== Work item ==
With the pictures omitted, transcribe each line below exactly as it is.

== Data provided ==

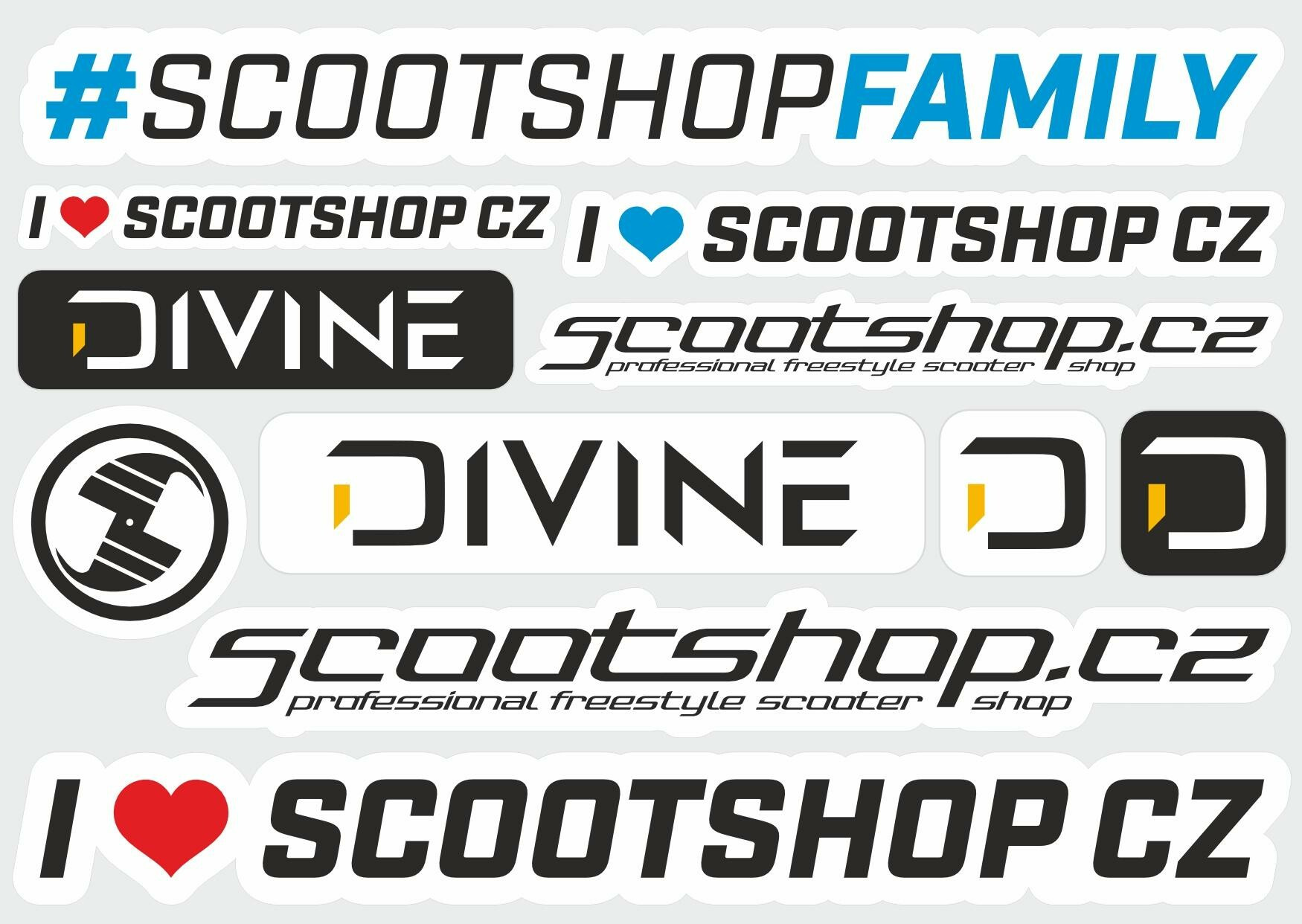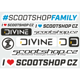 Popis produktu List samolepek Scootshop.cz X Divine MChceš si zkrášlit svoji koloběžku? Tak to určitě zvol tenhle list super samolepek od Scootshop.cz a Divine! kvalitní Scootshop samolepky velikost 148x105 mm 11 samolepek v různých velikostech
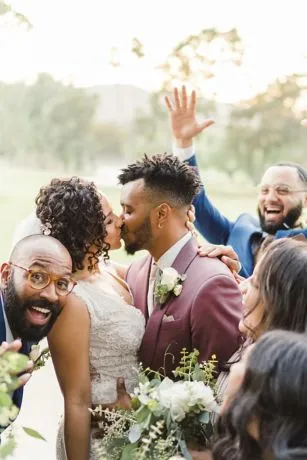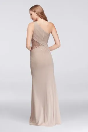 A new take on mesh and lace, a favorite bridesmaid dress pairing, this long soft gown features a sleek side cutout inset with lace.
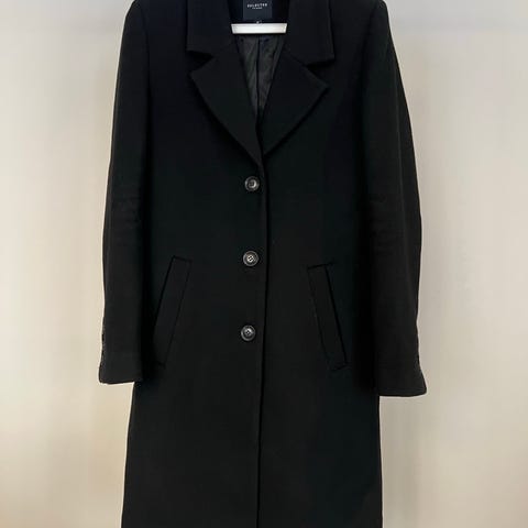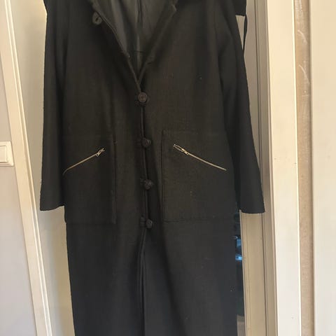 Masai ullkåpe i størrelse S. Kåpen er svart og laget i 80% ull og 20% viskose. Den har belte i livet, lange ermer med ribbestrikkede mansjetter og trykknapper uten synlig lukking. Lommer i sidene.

== Result ==
 Popis produktu List samolepek Scootshop.cz X Divine MChceš si zkrášlit svoji koloběžku? Tak to určitě zvol tenhle list super samolepek od Scootshop.cz a Divine! kvalitní Scootshop samolepky velikost 148x105 mm 11 samolepek v různých velikostech
 A new take on mesh and lace, a favorite bridesmaid dress pairing, this long soft gown features a sleek side cutout inset with lace.
 Masai ullkåpe i størrelse S. Kåpen er svart og laget i 80% ull og 20% viskose. Den har belte i livet, lange ermer med ribbestrikkede mansjetter og trykknapper uten synlig lukking. Lommer i sidene.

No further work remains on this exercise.